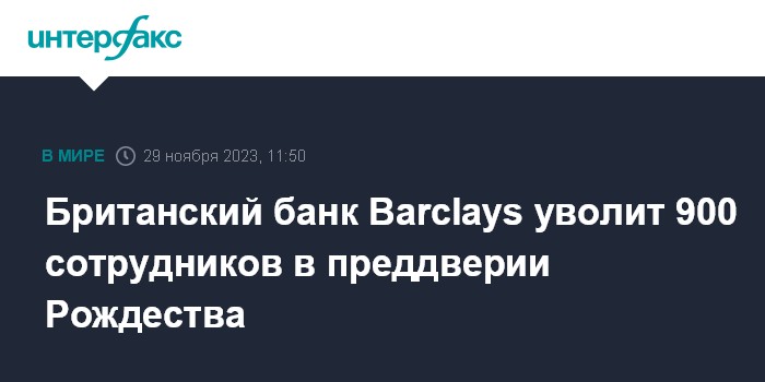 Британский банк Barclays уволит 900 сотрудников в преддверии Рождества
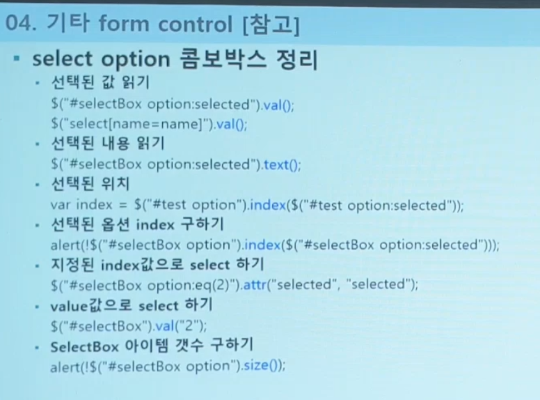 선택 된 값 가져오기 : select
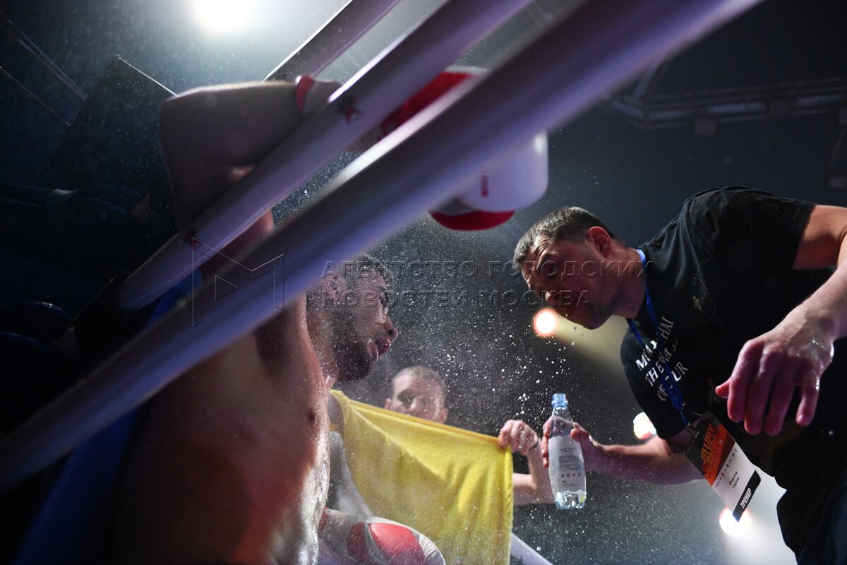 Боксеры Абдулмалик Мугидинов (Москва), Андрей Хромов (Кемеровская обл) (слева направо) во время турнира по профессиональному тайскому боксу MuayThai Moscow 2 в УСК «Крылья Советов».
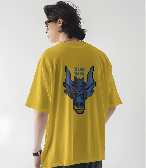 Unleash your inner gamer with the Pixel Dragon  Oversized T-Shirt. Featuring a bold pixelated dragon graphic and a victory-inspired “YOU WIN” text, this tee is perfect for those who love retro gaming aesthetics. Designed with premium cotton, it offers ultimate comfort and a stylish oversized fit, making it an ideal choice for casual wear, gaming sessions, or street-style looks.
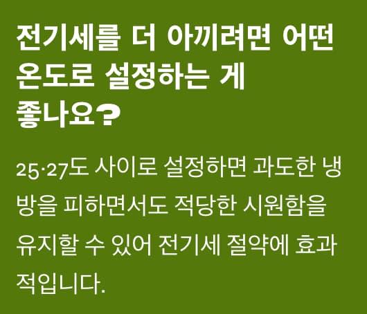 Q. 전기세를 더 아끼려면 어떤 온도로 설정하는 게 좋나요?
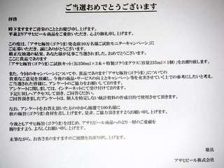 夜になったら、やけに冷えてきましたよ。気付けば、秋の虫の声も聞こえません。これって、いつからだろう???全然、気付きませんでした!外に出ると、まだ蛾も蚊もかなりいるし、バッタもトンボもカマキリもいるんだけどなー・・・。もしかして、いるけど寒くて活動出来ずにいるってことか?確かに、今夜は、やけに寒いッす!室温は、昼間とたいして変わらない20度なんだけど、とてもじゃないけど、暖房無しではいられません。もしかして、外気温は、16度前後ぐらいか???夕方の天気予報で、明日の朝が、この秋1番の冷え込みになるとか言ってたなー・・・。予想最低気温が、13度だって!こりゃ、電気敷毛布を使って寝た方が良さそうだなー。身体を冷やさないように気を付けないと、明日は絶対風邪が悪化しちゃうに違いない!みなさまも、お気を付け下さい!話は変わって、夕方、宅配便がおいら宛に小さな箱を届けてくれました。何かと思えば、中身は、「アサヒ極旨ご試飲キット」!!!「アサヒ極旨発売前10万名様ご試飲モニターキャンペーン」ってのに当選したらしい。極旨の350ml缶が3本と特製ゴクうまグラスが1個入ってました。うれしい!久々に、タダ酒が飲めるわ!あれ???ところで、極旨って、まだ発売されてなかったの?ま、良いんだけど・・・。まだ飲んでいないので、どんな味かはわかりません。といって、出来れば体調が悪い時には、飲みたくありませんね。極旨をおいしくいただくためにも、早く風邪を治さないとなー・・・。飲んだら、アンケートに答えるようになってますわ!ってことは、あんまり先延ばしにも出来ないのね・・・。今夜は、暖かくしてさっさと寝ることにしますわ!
──────────
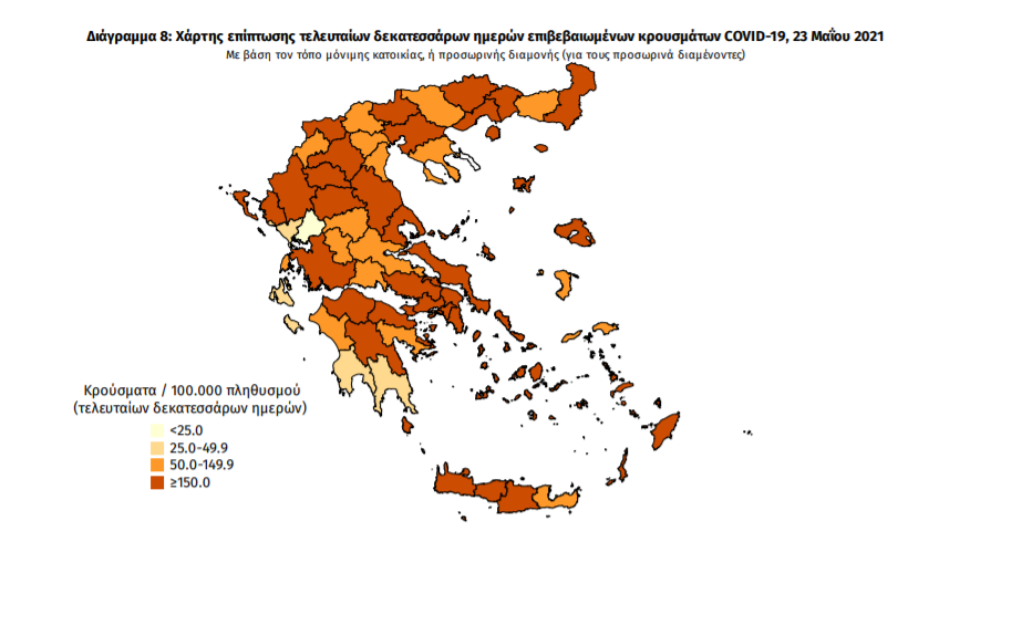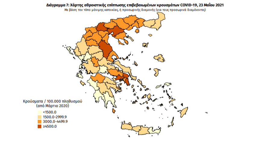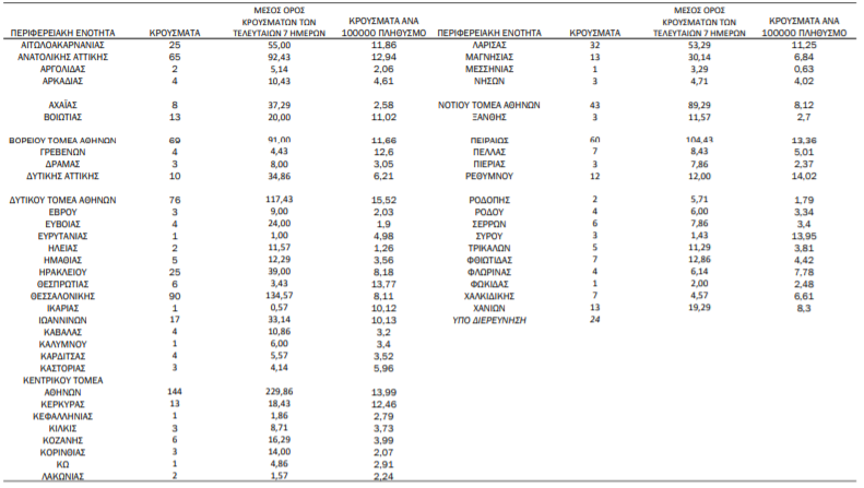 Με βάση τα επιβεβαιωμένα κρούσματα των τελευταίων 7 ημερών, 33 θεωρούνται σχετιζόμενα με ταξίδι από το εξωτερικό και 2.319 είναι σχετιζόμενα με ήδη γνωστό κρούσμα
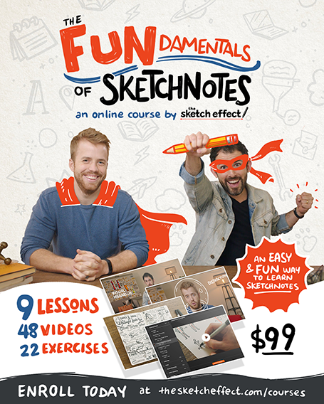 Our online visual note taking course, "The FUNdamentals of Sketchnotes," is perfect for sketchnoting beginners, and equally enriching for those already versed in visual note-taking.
──────────
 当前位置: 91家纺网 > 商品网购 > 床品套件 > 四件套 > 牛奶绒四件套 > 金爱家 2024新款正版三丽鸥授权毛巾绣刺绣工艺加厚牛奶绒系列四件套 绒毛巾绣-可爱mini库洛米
──────────
### Work request
Given the entries above, transcribe exactly the lines from the one holding "Британский банк Barclays" through the one holding "Q. 전기세를 더 아끼려면 어떤 온도로 설정하는 게 좋나요?"; pictures do not belong in the transcription.

### Response area
 Британский банк Barclays уволит 900 сотрудников в преддверии Рождества
 선택 된 값 가져오기 : select
 Боксеры Абдулмалик Мугидинов (Москва), Андрей Хромов (Кемеровская обл) (слева направо) во время турнира по профессиональному тайскому боксу MuayThai Moscow 2 в УСК «Крылья Советов».
 Unleash your inner gamer with the Pixel Dragon  Oversized T-Shirt. Featuring a bold pixelated dragon graphic and a victory-inspired “YOU WIN” text, this tee is perfect for those who love retro gaming aesthetics. Designed with premium cotton, it offers ultimate comfort and a stylish oversized fit, making it an ideal choice for casual wear, gaming sessions, or street-style looks.
 Q. 전기세를 더 아끼려면 어떤 온도로 설정하는 게 좋나요?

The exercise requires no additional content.